In 2024, we will fund projects that generate context-specific evidence using community knowledge and experiences to deliver actionable policy outcomes that can be scaled to multiple settings. We will prioritise funding for research that involves and serves the needs of communities most impacted by the health effects of climate change, and advances stories and narratives that tend to be absent in the media or underrepresented in public discourse (Perga et al, 2023). This will include generating and/or synthesising relevant data and insights (preferably across multiple sites or countries) on significant health issues arising from climate impacts.
We are looking for proposals with a clear theory of change and strong understanding of policy levers. Policy outcomes should be achievable within the award period, innovative in their design and should support meaningful and sustainable change. Proposals should describe the intended policy outcomes and how new insights and effective communication will influence these outcomes.

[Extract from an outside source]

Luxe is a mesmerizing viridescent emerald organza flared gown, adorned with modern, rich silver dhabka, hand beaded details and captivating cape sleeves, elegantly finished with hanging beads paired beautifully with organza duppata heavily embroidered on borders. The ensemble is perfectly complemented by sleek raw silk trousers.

Teams must have prior demonstrable success in work that combines science, policy and society (Serrao-Neumann, et al 2021). We use the Organisation for Economic Co-operation and Development (OECD) definition of transdisciplinary research. Transdiscipilary research combines knowledge from different scientific disciplines, citizens, public and private sector stakeholders to address complex societal challenges. By engaging key stakeholders from the outset and embedding different expertise in the research design, we expect that teams will use evidence and impactful narratives on the effects of climate change on health to drive urgent policy change that supports collaborative solutions for climate change adaptation and mitigation.

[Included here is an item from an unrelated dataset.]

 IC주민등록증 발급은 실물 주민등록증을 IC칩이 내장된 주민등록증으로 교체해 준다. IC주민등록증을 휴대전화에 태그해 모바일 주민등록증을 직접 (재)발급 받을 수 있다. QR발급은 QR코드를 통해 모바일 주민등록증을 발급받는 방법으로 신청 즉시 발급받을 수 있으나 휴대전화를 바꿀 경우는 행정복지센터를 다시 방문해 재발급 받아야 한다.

This scheme aims to make the impacts of climate change on health visible. There are many reasons the impacts of climate change could be invisible.
These include but are not limited to:
- distance: decision makers not being based where the impacts are happening
- ideology: political polarisation results in missing voices, disinformation or lack of information
- unseen: some of the climate impacts of environmental drivers of health outcomes (for example, certain chemicals, pollutants or microscopic organisms) may not be visible and therefore may be ignored
- linkage: the links between climate change and health effects not being explicitly made or understood
- low priority: climate change's effects on health are not given much focus due to competing priorities, unconvincing analyses and communications challenges.